WASHINGTON—After years of tension between the Government Employees (AFGE) and its unit of 7,600 Immigration and Customs Enforcement (ICE) agents, the parent union made “the difficult decision” to let the ICE agents leave both it and the AFL-CIO, AFGE President Everett Kelley has announced.
The July 12 statement said AFGE formally told the Federal Labor Relations Authority, which oversees labor-management relations between federal worker unions and federal bosses, that it is “disclaiming interest” in representing the agents. FLRA must approve the move, but AFGE said that’s routine.
“It is clear AFGE Council 118,” the ICE agents’ unit, “remains steadfast in their desire to no longer be a part of AFGE or the broader labor movement,” Kelley said. “As a result, we made the difficult decision to disclaim interest in this unit. While we had hoped to avoid this outcome, today’s action begins the process of granting Council 118’s request.”
This news comes after the ICE agents have been trying to disaffiliate from their parent union, as well as the AFL-CIO for some time
Many in the labor and immigrant rights movements believe it is high time that the ICE unit be cut off from the union movement. They have argued that the racist and anti-immigrant behavior of ICE is antithetical to the purposes of the legitimate labor movement which they see as extending full rights to all workers in the nation, including those who are undocumented. Anything short of that, the AFL-CIO itself has argued, opens the door to exploitation of all workers in the country.
The decision to let the local representing ICE workers leave the union should not have been “difficult” at all since ICE has and continues to terrorize poor, working-class, and immigrant workers, negating its right to have a place in the labor movement.
ICE agents have joined in efforts that result in the deaths of immigrant workers so their leaving the U.S. labor movement is in no way a loss to the labor movement.
Chris Crane, president of the ICE unit, essentially confirmed this viewpoint when he said his members “are sick of being labeled Nazis and racists by fellow unionists.” Crane outrageously claimed both AFGE and the AFL-CIO “foster hate and prejudice” against the ICE agents and do not adequately represent them, he claimed, as labor law mandates.
In prior interviews with the right-wing Washington Examiner and The Washington Times, Crane also accused both the union and the AFL-CIO of financial mismanagement. “AFGE and the AFL-CIO became far-left organizations a long time ago,” he told the Times. “They don’t care about workers. They only care about their far-left agendas and politics.”
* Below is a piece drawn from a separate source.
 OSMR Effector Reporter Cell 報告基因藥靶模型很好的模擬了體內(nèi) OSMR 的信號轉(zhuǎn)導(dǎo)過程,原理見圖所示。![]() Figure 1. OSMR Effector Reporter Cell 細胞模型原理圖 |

The break has been a long time coming. Under Crane’s outspoken misleadership, the ICE agents unit became one of only two bodies within organized labor to endorse Republican Donald Trump in both of his runs for the White House. The other is the International Union of Police Associations, which is much smaller than the non-union Federation of Police. And the ICE unit often endorses anti-migrant hardliners for Congress, too.
ICE’s reason for strongly backing Trump was the Republican’s anti-migrant policies, which were clearly racist. ICE agents enforced them with enthusiasm. Employers scheming to repress organizing drives among Spanish-speaking workers often threaten them with ICE raids, then call ICE agents in, especially to meatpacking plants.
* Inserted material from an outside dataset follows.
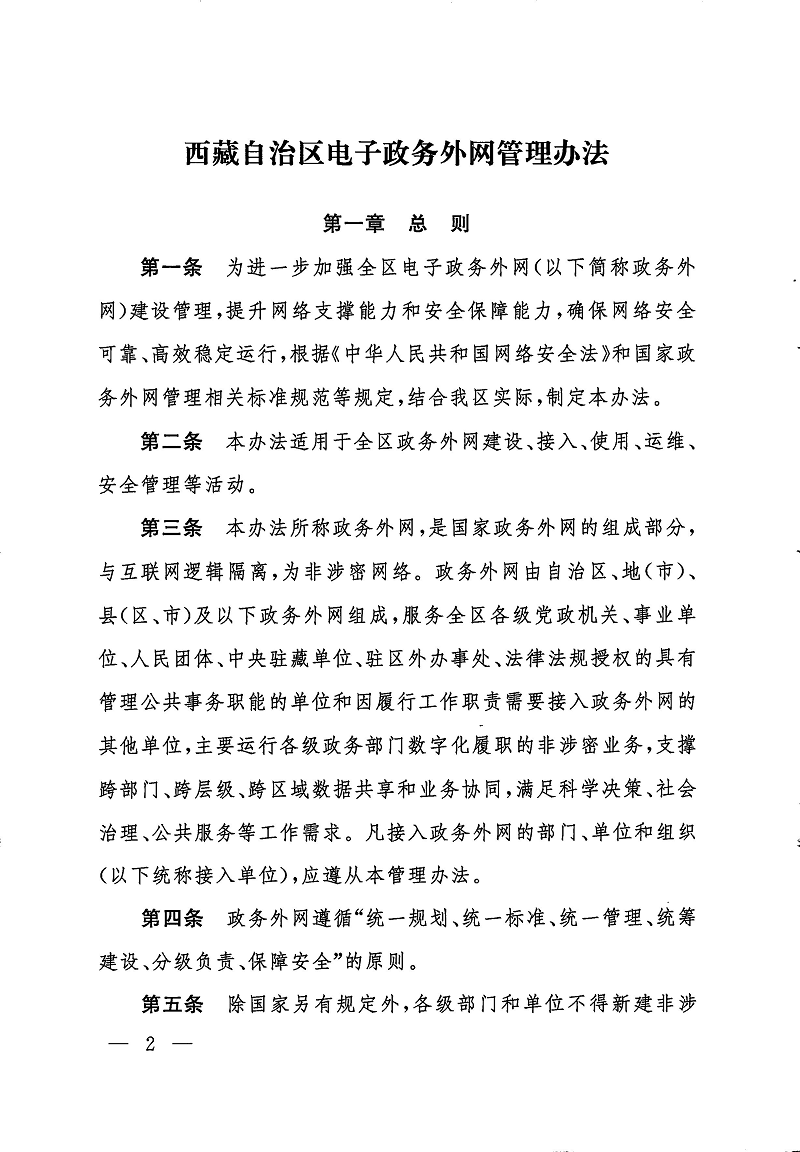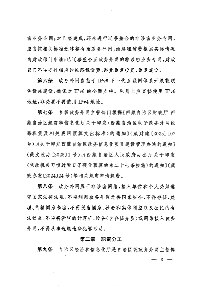 西藏自治区电子政务外网管理办法

On his last full day in the Oval Office, Trump signed off on a seven-year contract between the ICE agents unit and acting Department of Homeland Security Secretary Ken Cuccinelli, himself a noted anti-migrant hardliner. The pact would have given the unit virtual veto power over enforcement, despite its bosses in DHS, of whatever party.
Within weeks of taking office, President Biden dumped the contract. He’s also trying, with a mixed record, to revoke some of Trump’s anti-migrant policies. And Biden and the Democratic-run Congress stopped construction of Trump’s Mexican Wall, a project the ICE agents unit strongly favors.